Осколок падает на пол.
Как он это сделал?
Как…
Если я не выберусь отсюда скоро, он может никогда меня не отпустить.
Кто он вообще такой?
Почему Пирс никогда не говорил о своём сыне?
Моя мать. Мой отец.
Он просто псих с деньгами?
Который собирается…
Сдирать с меня кожу живьём?
У меня нет ответа.
И я взрываюсь.
Здоровой рукой бью его в грудь, начинаю пинать и плеваться.
Он позволяет мне продолжать ещё какое-то время.
Долго достаточно, чтобы я поверила, будто добиваюсь хоть чего-то.
А потом толкает меня.
Я падаю на кровать.
И он оказывается сверху.
Я замираю.
Мой взгляд встречается с его.
Серебристые глаза мерцают.
Тёмная прядь волос падает ему на лоб.
Он собирается…
Я затаиваю дыхание.
Но хуже всего?
Я возбуждена.
— Ну, разве ты не вспыльчивый сюрприз, — хрипит он, заламывая мои руки над головой.
— Отстань от меня, — выдыхаю я.
Но огонь в моей борьбе гаснет.
Только по одной причине.
Его твёрдый, толстый член прижат к моему животу.
И никто из нас не может притворяться, что этого не случилось.
Боже.
После этого мне понадобится серьёзная терапия.
Если я выберусь живой.
Как?!
Как меня может возбуждать этот мужчина, который угрожал моей жизни?
Но…
Я возбуждена.
Желание поднять ногу, раздвинуться, впустить его внутрь —
почти единственная мысль в моей голове.
Как его огромное тело заполняет всё пространство над мной.
Как он заставляет меня чувствовать себя…
Такой женственной.
Такой желанной.
Я никогда не чувствовала этого раньше.
Я хочу, чтобы он…
Прикоснулся.
Поцеловал.
Наполнил меня.
— Скажи мне, Кира, мой отец уже трахал тебя? Брал тебя на тест-драйв?
Я замираю.
Задыхаюсь от его грубого вопроса.
Придурок.
Всё, что я только что почувствовала — исчезает.
Я забираю это обратно.
А затем…
Плюю ему в лицо.
Мэддокс закрывает глаза.
Спокойно вытирает слюну о своё широкое плечо, прикрытое рубашкой.
Затем открывает.
И его взгляд пронзает меня.
— Я восприму это как "нет", — рычит он.
Но я вижу вопрос в его глазах.
И я не собираюсь доставлять ему удовольствие от правды.
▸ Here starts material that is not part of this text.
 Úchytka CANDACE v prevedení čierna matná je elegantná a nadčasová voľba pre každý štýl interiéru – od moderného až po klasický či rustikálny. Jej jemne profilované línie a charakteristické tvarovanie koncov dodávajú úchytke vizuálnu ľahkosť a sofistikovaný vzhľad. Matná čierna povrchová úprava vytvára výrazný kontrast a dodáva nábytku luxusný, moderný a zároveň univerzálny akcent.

— Сделай это ещё раз, милая, и я вытру твою слюну со своего члена.
Чёрт.
Мой рот открывается от шока.
А его глаза опускаются на мои губы.
Он смотрит.
Слишком пристально.
Я облизываю их.
Намеренно.
Он хрюкает от раздражения.
А потом слезает с меня.
Он даже не делает попыток скрыть свою эрекцию, когда встаёт.
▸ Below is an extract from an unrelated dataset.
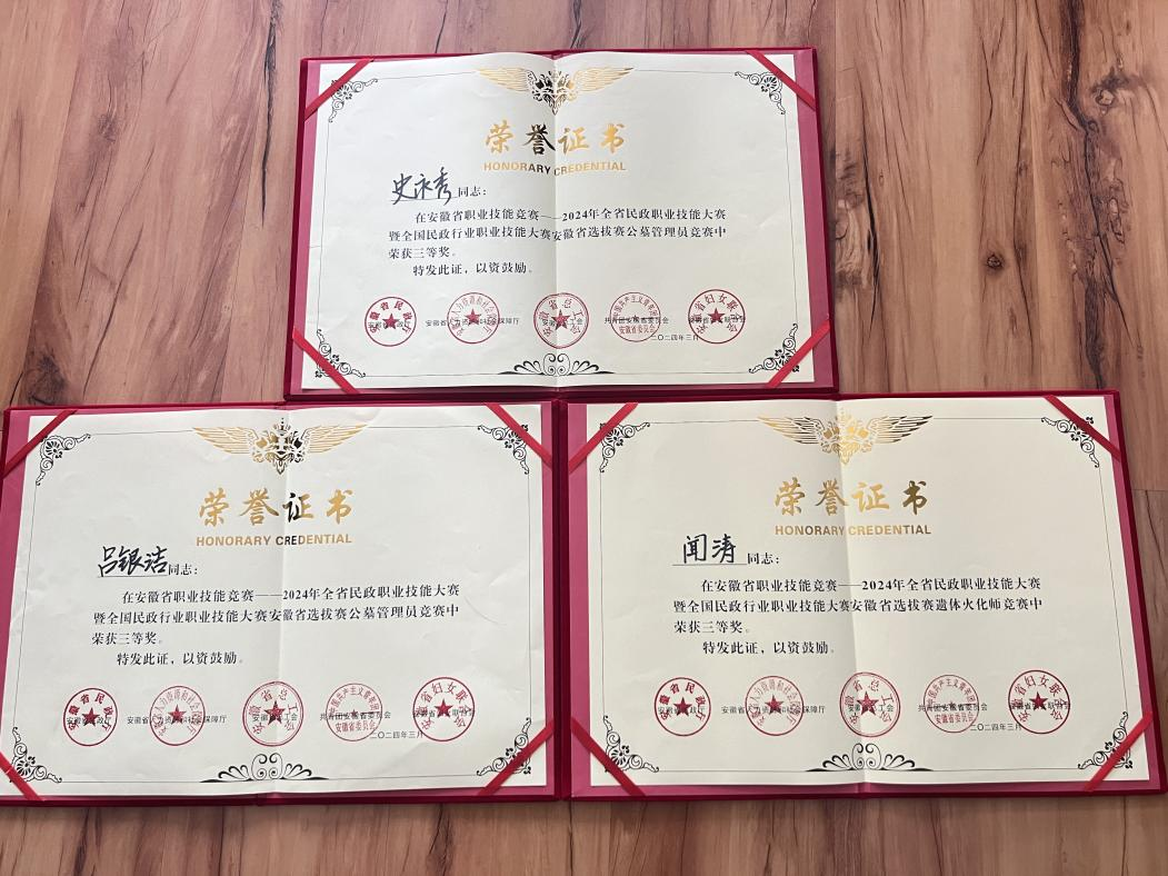 近日,在六安市舉辦的2024年安徽省民政行業(yè)職業(yè)技能競賽圓滿落幕。本次競賽共分公墓管理員和遺體火化師2個賽項,池州生態(tài)人紀(jì)念園運營有限公司參賽隊參賽選手史永秀、呂銀潔榮獲公墓管理員賽項個人“三等獎”,聞濤獲遺體火化師賽項個人“三等獎”,其中,遺體火化師賽項是我市首次獲獎。

— Не ищи в этом ничего, милая. Ты красивая женщина. Это природа. Ничего больше.
Красивая.
Я пытаюсь сесть, чтобы дать ему дерзкий ответ.
Но едва опираюсь на кровать…
— Ой.
Боль разрывает ладонь.
— Блядь, — шиплю я.
Мэддокс наклоняется и стаскивает меня с кровати.
— Пойдём со мной.
Вот тогда я впервые вижу, что находится за пределами моей тюремной камеры.
А ещё…
Он думает, что я красивая.
МЭДДОКС
Последнее, что мне нужно, — чтобы Кира подхватила инфекцию и мне пришлось бы вызывать врача.
Или, что ещё хуже, отвозить её в больницу.
Я неправильно её понял.
Я знал, что вилка — это риск, но выбросить всю миску, чтобы создать из неё тюремный осколок…
Это было довольно изобретательно.
Для такой женщины, как она.
Я усмехаюсь про себя.
Она, наверное, прошла какой-то причудливый — и абсолютно бесполезный — курс личной обороны со знаменитым тренером.
Наивная девочка.
Конечно, я тоже вырос в богатой семье.
Но в отличие от Кайры, меня никто не баловал.
Я знал, что такое боль — с тех пор, как себя помню.
Меня учили молчать.
Говорили, что если мои друзья узнают, что мне нравится трогать папу, им будет стыдно.
Мне было страшно.
Я не хотел, чтобы кто-то знал, что происходит ночью в моём доме.
Поэтому молчал.
Меня не записывали ни в бойскауты, ни на бейсбол, ни на кунг-фу.
Мне просто сказали делать домашнее задание.
И делать всё, что скажет отец.
А в свободное время…
Я сосал члены стариков.
Или наклонялся для них.
Пока моя мать напивалась до смерти внизу.
В конце концов.
Теперь я веду Киру по коридору в свою ванную.
Где аптечка.
— Садись, — киваю я на закрытое сиденье унитаза.
Она поворачивает голову, заглядывая в полуоткрытую дверь, ведущую в мою спальню.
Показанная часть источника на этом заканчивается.